- [What the task requires] Output all entries exactly as they appear and skip the pictures.

- [Given entries]
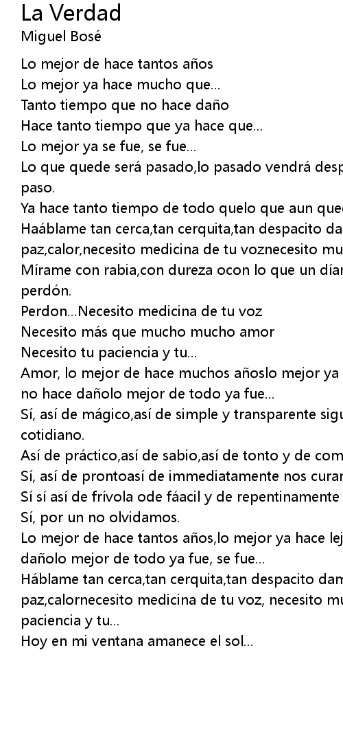 | Ha blame tan cerca, tan cerquita, tan despacito dame aliento, dame mucha paz, calornecesito medicina de tu voz, necesito muchomucho mucho amornecesito tu paciencia y tu... | |
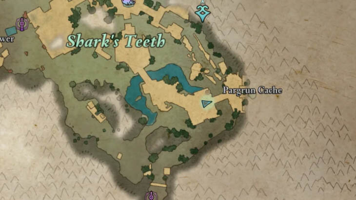 Чтобы найти этот загадочный тайник, вам нужно отправиться в юго-восточном направлении от карты Шаттерскарп, держа путь к области под названием «Зубы Акулы». Тайник расположен в самом юго-восточном углу региона. Не беспокойтесь о поиске входа – дорога к зданиям хорошо заметна и не требует особых усилий для обнаружения.
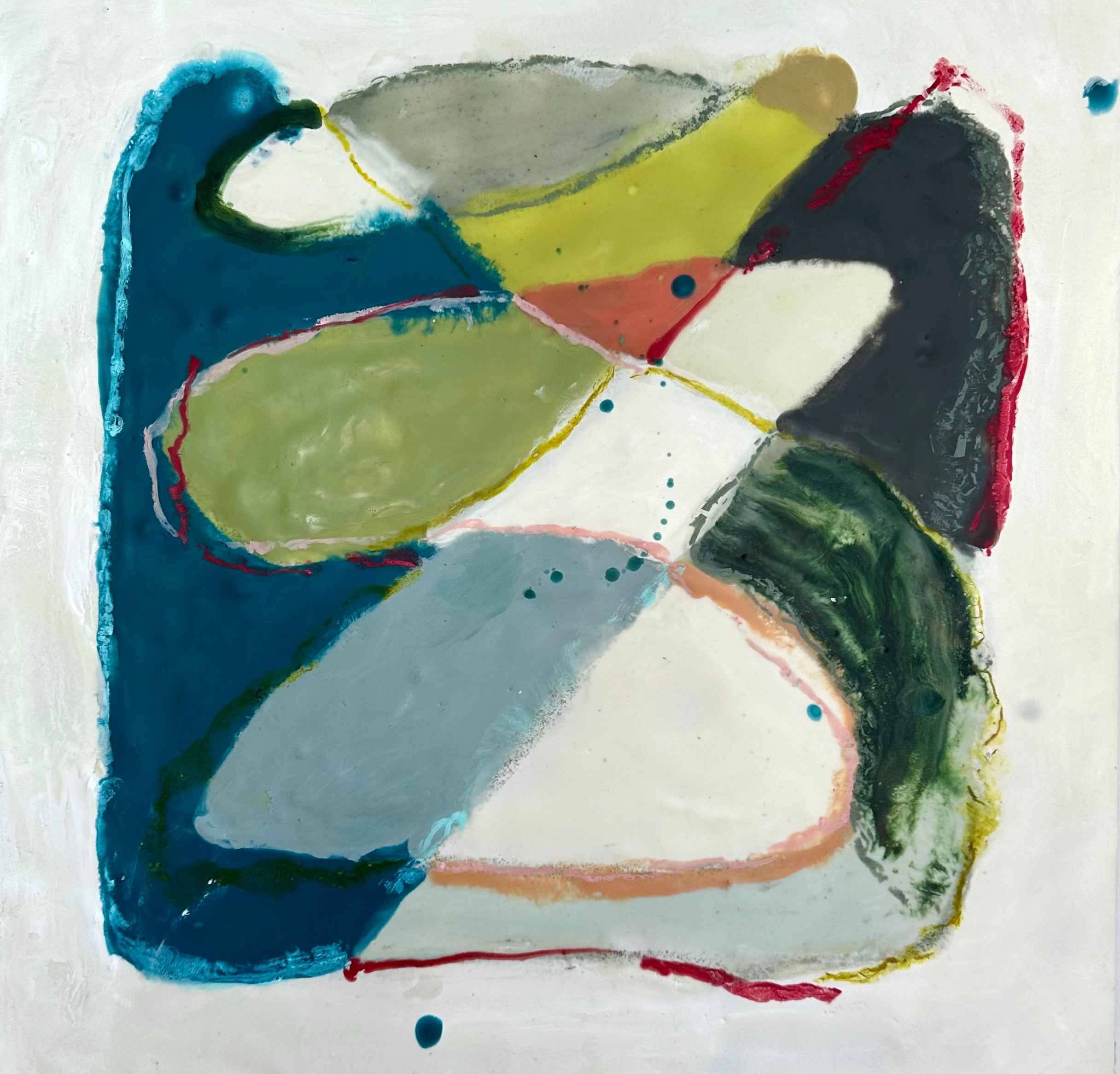 encaustic on wood in gold floating frame
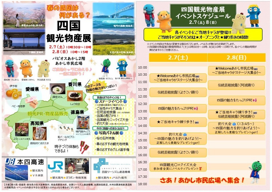 2/7(土)・8(日)に、あかし市民広場にて四国観光物産展を開催します。
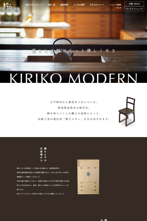 株式会社イシモク様の自社ブランド「桐子モダン」のブランドサイトです。 以前よりBASEを利用したショッピングサイトを運営されていたので、a-blog cmsと連携することでショッピングサイトへの導線を確保しました。
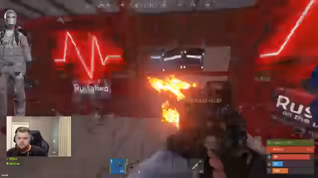 07:38:29Der eigentliche Raid auf die gegnerische Base beginnt chaotisch. Der Streamer feuert versehentlich Raketen ab, die sowohl den Gegner als auch sich selbst in Gefahr bringen. Nachdem der Gegner besiegt ist, entsteht ein neuer Plan, die Basis weiter zu zerstören, aber der Streamer verliert durch einen explosiven Unfall mit einer Rakete sein gesamtes Equipment und stirbt. Der Raid endet somit mit einem erheblichen Verlust an Ressourcen und Frust.
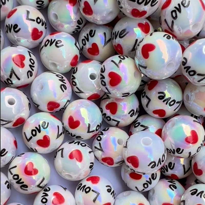 亚克力LOVE爱心圆珠情人节印花镀彩 DIY手工串珠笔手机链饰品配件
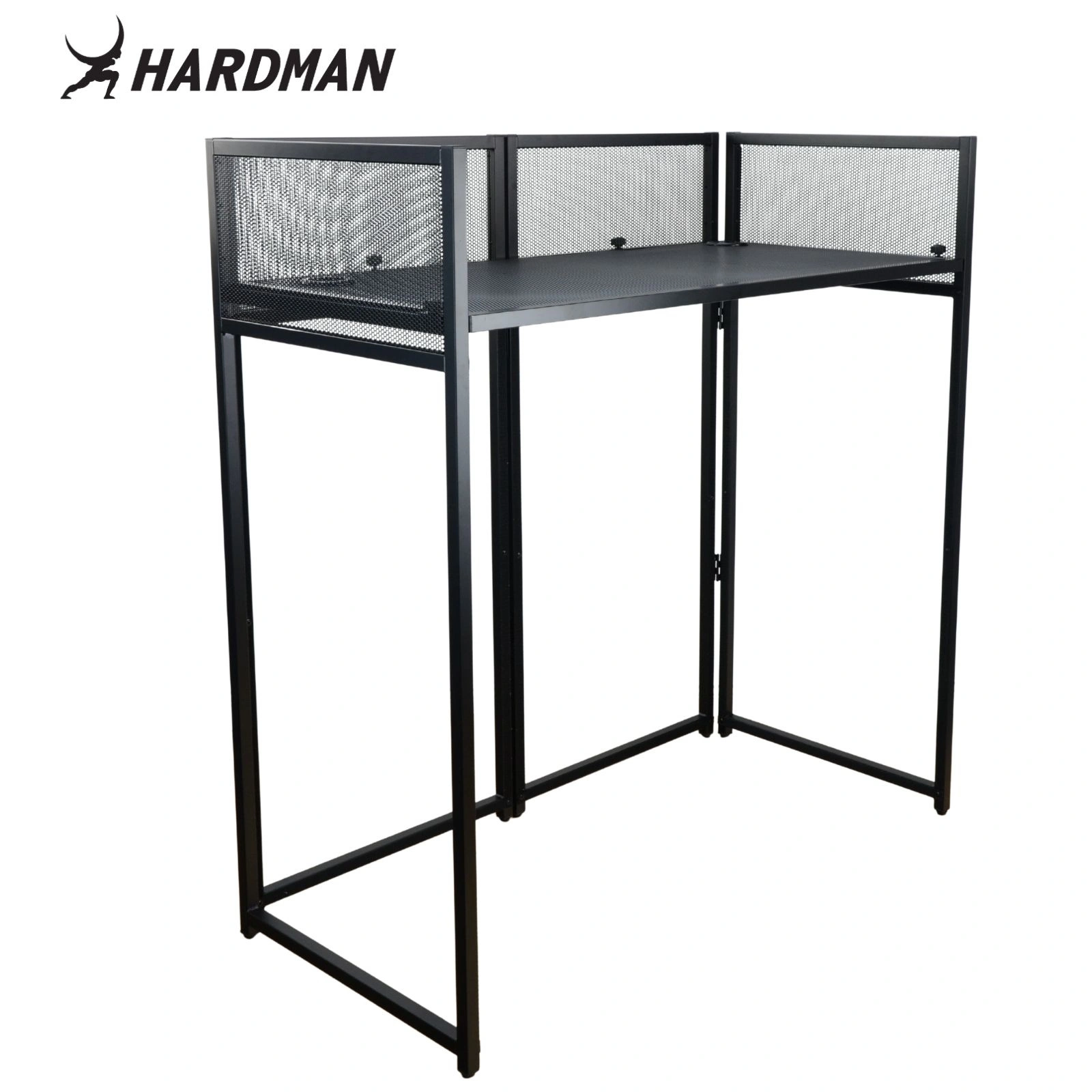Stand DJ – nowoczesne i funkcjonalne stanowisko DJ-a dostępne w kolorze czarnym. Idealne rozwiązanie na wesela, eventy, imprezy firmowe, koncerty i występy klubowe.
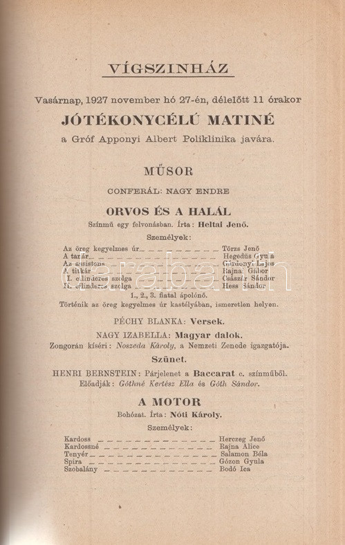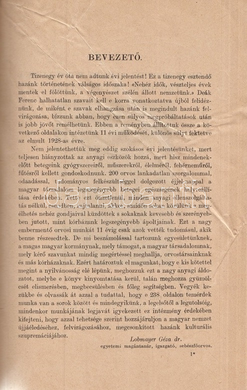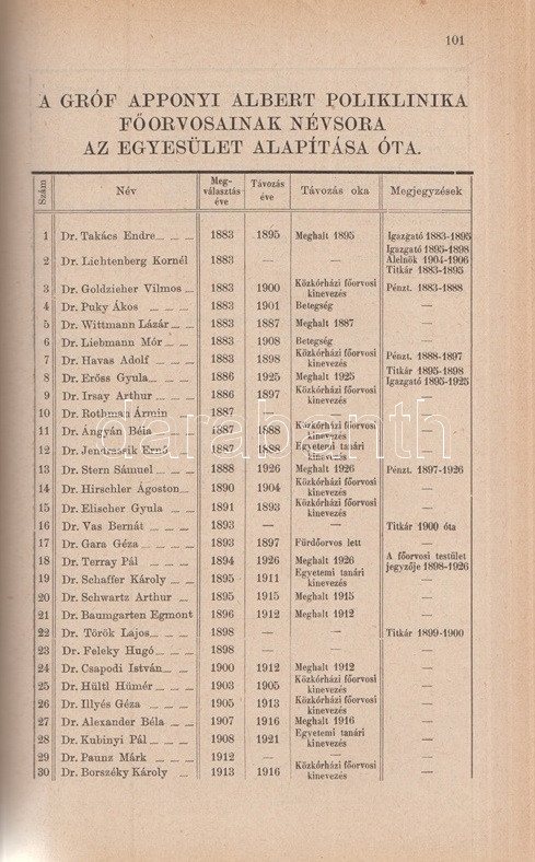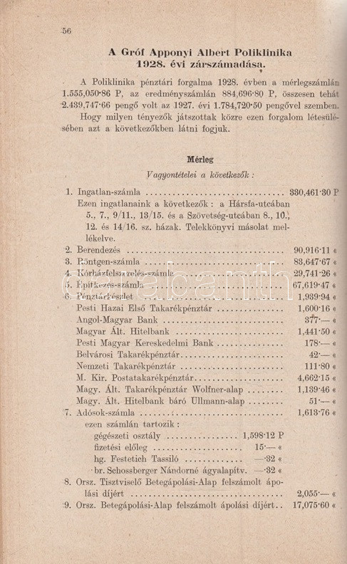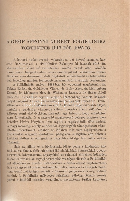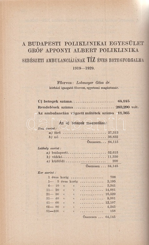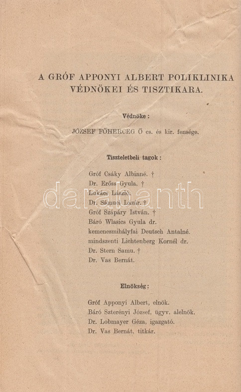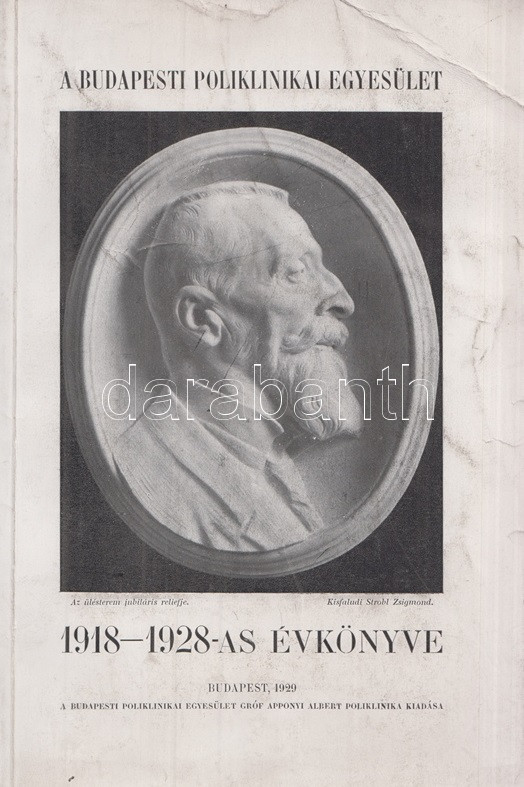 Évkönyv a Budapesti Poliklinikai Egyesület gróf Apponyi Albert Poliklinika 1918-1928. évi működéséről. Szerkeszti Lobmayer Géza. Budapest, 1929. Budapesti Poliklinika gróf Apponyi Albert Poliklinika (Franklin-Társulat ny.) 238 + [2] p. + 16 t. Beszámoló az 1887-ben alapított Budapesti Poliklinikai Egyesület elmúlt tíz évéről. A VII. kerületi intézmény 1921-ben vette fel egyik neves támogatója, Apponyi Albert nevét. Az egészségügyi intézmény sokirányú fejlesztéséről írott összefoglalókat igazgatóságtanácsi beszámolók, mérlegfőkönyvek váltják, a kötet második felében részletes adattár a közintézmény betegeiről, mely kórisméjükön és gyógykezelésükön kívül foglalkozási körüket is közli. Ez utóbbi jól igazolja a poliklinikával kapcsolatos közvélekedést, miszerint az Apponyi nevével fémjelzett intézmény a szegényebb rétegek gondozójának számított. A kötet végén megemlékezések a poliklinika volt egyéniségeiről. A címlapon apró szakadásnyom, az első ív néhány levelén enyhe gyűrődés. Fűzve, illusztrált, enyhén gyűrött kiadói borítóban. Jó példány.

- [Solution to the exercise]
 | Ha blame tan cerca, tan cerquita, tan despacito dame aliento, dame mucha paz, calornecesito medicina de tu voz, necesito muchomucho mucho amornecesito tu paciencia y tu... | |
 Чтобы найти этот загадочный тайник, вам нужно отправиться в юго-восточном направлении от карты Шаттерскарп, держа путь к области под названием «Зубы Акулы». Тайник расположен в самом юго-восточном углу региона. Не беспокойтесь о поиске входа – дорога к зданиям хорошо заметна и не требует особых усилий для обнаружения.
 encaustic on wood in gold floating frame
 2/7(土)・8(日)に、あかし市民広場にて四国観光物産展を開催します。
 株式会社イシモク様の自社ブランド「桐子モダン」のブランドサイトです。 以前よりBASEを利用したショッピングサイトを運営されていたので、a-blog cmsと連携することでショッピングサイトへの導線を確保しました。
 07:38:29Der eigentliche Raid auf die gegnerische Base beginnt chaotisch. Der Streamer feuert versehentlich Raketen ab, die sowohl den Gegner als auch sich selbst in Gefahr bringen. Nachdem der Gegner besiegt ist, entsteht ein neuer Plan, die Basis weiter zu zerstören, aber der Streamer verliert durch einen explosiven Unfall mit einer Rakete sein gesamtes Equipment und stirbt. Der Raid endet somit mit einem erheblichen Verlust an Ressourcen und Frust.
 亚克力LOVE爱心圆珠情人节印花镀彩 DIY手工串珠笔手机链饰品配件
Stand DJ – nowoczesne i funkcjonalne stanowisko DJ-a dostępne w kolorze czarnym. Idealne rozwiązanie na wesela, eventy, imprezy firmowe, koncerty i występy klubowe.
 Évkönyv a Budapesti Poliklinikai Egyesület gróf Apponyi Albert Poliklinika 1918-1928. évi működéséről. Szerkeszti Lobmayer Géza. Budapest, 1929. Budapesti Poliklinika gróf Apponyi Albert Poliklinika (Franklin-Társulat ny.) 238 + [2] p. + 16 t. Beszámoló az 1887-ben alapított Budapesti Poliklinikai Egyesület elmúlt tíz évéről. A VII. kerületi intézmény 1921-ben vette fel egyik neves támogatója, Apponyi Albert nevét. Az egészségügyi intézmény sokirányú fejlesztéséről írott összefoglalókat igazgatóságtanácsi beszámolók, mérlegfőkönyvek váltják, a kötet második felében részletes adattár a közintézmény betegeiről, mely kórisméjükön és gyógykezelésükön kívül foglalkozási körüket is közli. Ez utóbbi jól igazolja a poliklinikával kapcsolatos közvélekedést, miszerint az Apponyi nevével fémjelzett intézmény a szegényebb rétegek gondozójának számított. A kötet végén megemlékezések a poliklinika volt egyéniségeiről. A címlapon apró szakadásnyom, az első ív néhány levelén enyhe gyűrődés. Fűzve, illusztrált, enyhén gyűrött kiadói borítóban. Jó példány.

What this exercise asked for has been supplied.